Google, Kosmix, and The Deep Web – A Love Triangle, by Abhishek Gattani, Kosmix (Nov 13)
Two different ways of penetrating the deep web are described here from a session at the SDForum Search SIG in Palo Alto where Google and Kosmix people spoke.
Defintion of deep web is simplified to "The Deep Web is simply the Web behind HTML forms".
[Of course there is still the "invisible" web of which deep web is a part.]
Google finds the html forms, feeds them questions and indexes the results - it's called "surfacing" the web.
Google’s DeepWeb Crawl was described in a 2008 paper:
"Our work illustrates three principles that can be leveraged in further investigations. First, the test of informativeness for a form input can be used as basic building block for. exploring techniques for indexing the DeepWeb. Second, we believe efforts should be made to crawl well chosen subsets of Deep-Web sites in order to maximize traffic to these sites, reduce the burden on the crawler, and alleviate possible concerns of sites about being completely crawled. Third, while devising domain-specific methods for crawling is unlikely to scale on the Web, developing heuristics for recognizing certain common data types of inputs is a fruitful endeavor. We believe that building on these three principles it is possible to offer even more Deep-Web content to users."

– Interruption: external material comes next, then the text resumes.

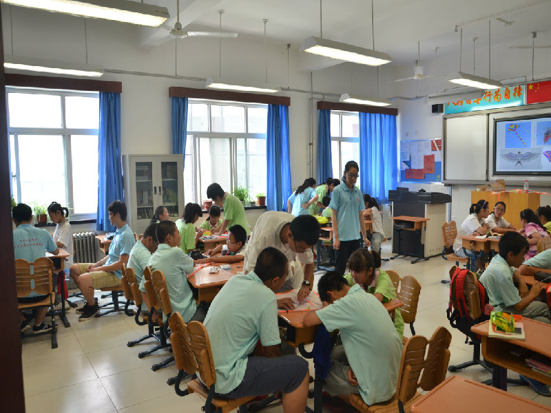 7月8日上午,支教小组早早地就将教学所需要的东西都整理归类,为一天的课程讲解打好前战。有了昨天一天的磨合再加上班级QQ群的建立,同学们和实践分团的队员们交流更加通畅,配合更加默契,感情更加深厚。上课时同学们认真听讲,积极回答问题,坨里中学初一年级四个班的课程安排有条不紊进行。

Kosmix does it differently It responds to queries with API calls on pre-determined sources of information.
"If you wanted to look up “Pumpkin Pie” on Kosmix, for example, the system would bring you fresh content from recipe sites like the Food Network, “How To” baking videos, real-time tweets about pumpkin pie from Twitter, and information about the caloric profile of pumpkin pie from diet sites like FatSecret."
Kosmix has been tagging the web - it seems.
Posted by Gwen at November 17, 2009 11:29 AM"Over the past three years, Kosmix has created a taxonomy of several million nodes, which we organized into a graph, using a combination of humans and algorithms. Editors discover, integrate, and tag Web services to taxonomy nodes in a semi-automated fashion. Algorithms route the user’s query through the set of taxonomy nodes, which enable the engine to decide which Web service to call."